According to that study, 23% approved of the statement "I approve hostile activism to drive change by threatening or committing violence". It's even higher if you only focus on 18-34 year olds.
Full report here: https://www.edelman.com/sites/g/files/aatuss191/files/2025-0...
I imagine that "I support assassination to drive change" would be even less popular.
Maybe it wasn't 23%, but it was certainly not insignificant.
> It isn't hard to find evidence of people (especially young ones) equating speech with violence.
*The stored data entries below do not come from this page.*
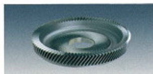
▲ Shaper Cutter ▲ Schneidrad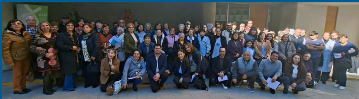
Participantes de la jornada de formación en Rancagua.

Un programa similar se ejecutó el 27 de junio, entre las 9:30 y las 13:30 horas, en la parroquia San Juan Evangelista de San Vicente de Tagua Tagua, contando con la participación de personas que prestan algún servicio pastoral en el Decanato de Santo Apóstoles.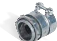
вводные муфты с крепежным хомутом для металлорукава и трубы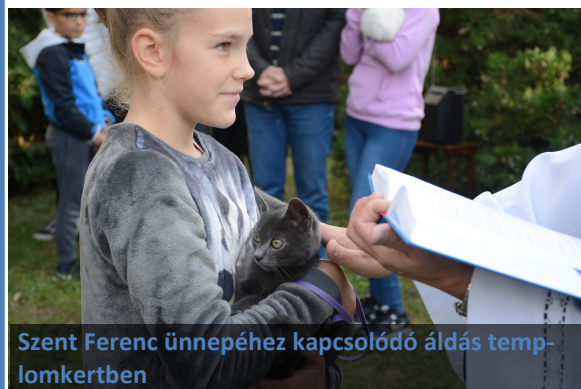
Szent Ferenc ünnepéhez kapcsolódó áldás templomkertben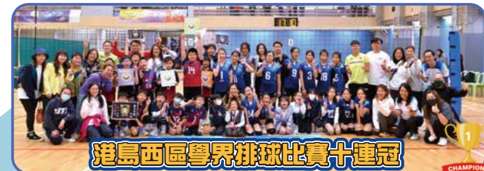
港島西區學界排球比賽十連冠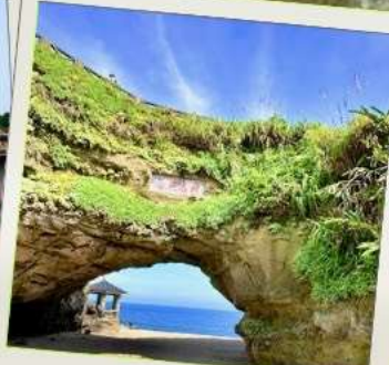
ถ้ำสี่หมื่น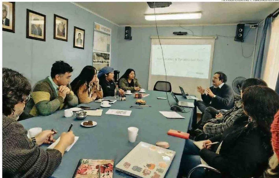
ENTRE MARZO Y JUNIO SE REALIZARON LAS MESSAS COMUNALES DE TRABAJO EN SIETE COMUNAS CONSIDERADAS DESTINOS TURÍSTICO.

“El proyecto puede tener un impacto muy grande, principalmente por su eje de comunicación y enlace entre la cultura y el turismo. Si bien cada polo cuenta con muchas iniciativas y avances, entrelazarlos y fortalecer el intercambio es lo que los va a fortalecer a largo plazo. Eso es algo que nuestra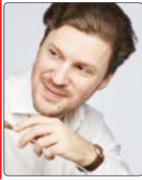
Stanislaw Kochanowski (Foto) dirigierte im NDR Konzerthaus Hannover Werke von Rimski-Korsakow und Medtner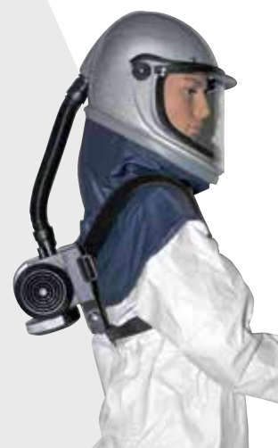
2001U con supporto 0550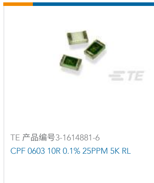
TE 产品编号3-1614881-6 CPF 0603 10R 0.1% 25PPM 5K RL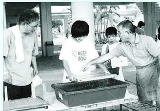
▲講師の上地先生から漉き方の指導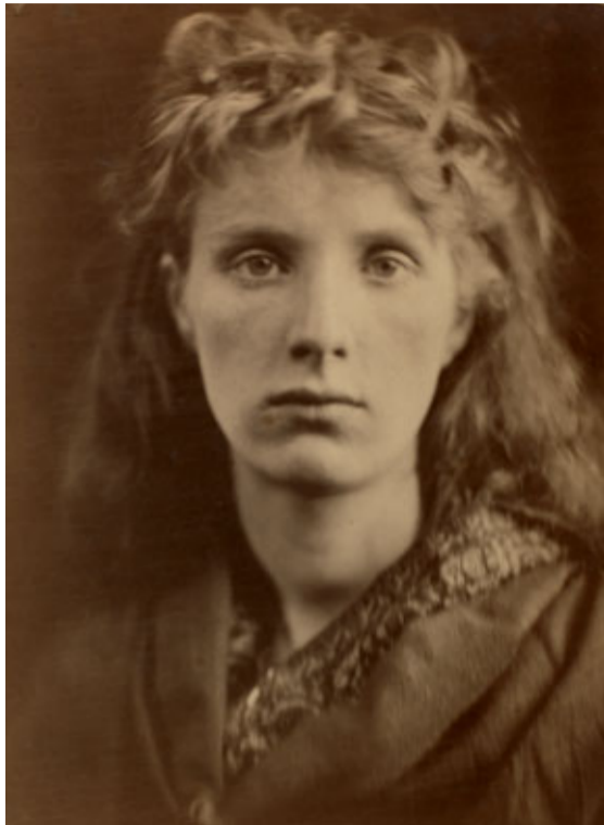
Julia Margaret Cameron, The Mountain Nymph, Sweet Liberty , 1866 © Julia Margaret Cameron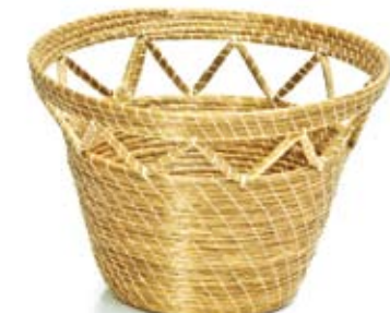
cesta vazada 21 cm de diâmetro 13 cm de altura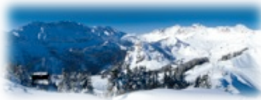
Portes du Soleil (VS)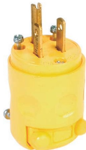
Fiche à trois broches

I don't think anyone conflates the phrase "threatening or committing violence" with "threatening or committing calling you a bad name". Yes, there's too much equating speech and violence, but the particular wording of threatening or committing imho is largely still reserved for the physical variety.
It is unfortunate, but many people have lost hope the system can change, so revolution is getting more likely, and revolutions are seldom peaceful.
2/ I carefully said "entitled to" to avoid a debate about personal responsibility and limit the conversation to "paid for a life-saving service they did not receive", which everyone will agree is wrong.
3/ If you think the CEO did not issue orders to make it as difficult to claim as possible, and drag the process as much as possible, you are a fool.
Denying help to a human is one thing. Denying them help after they paid for the help so you can buy a yacht another thing entirely.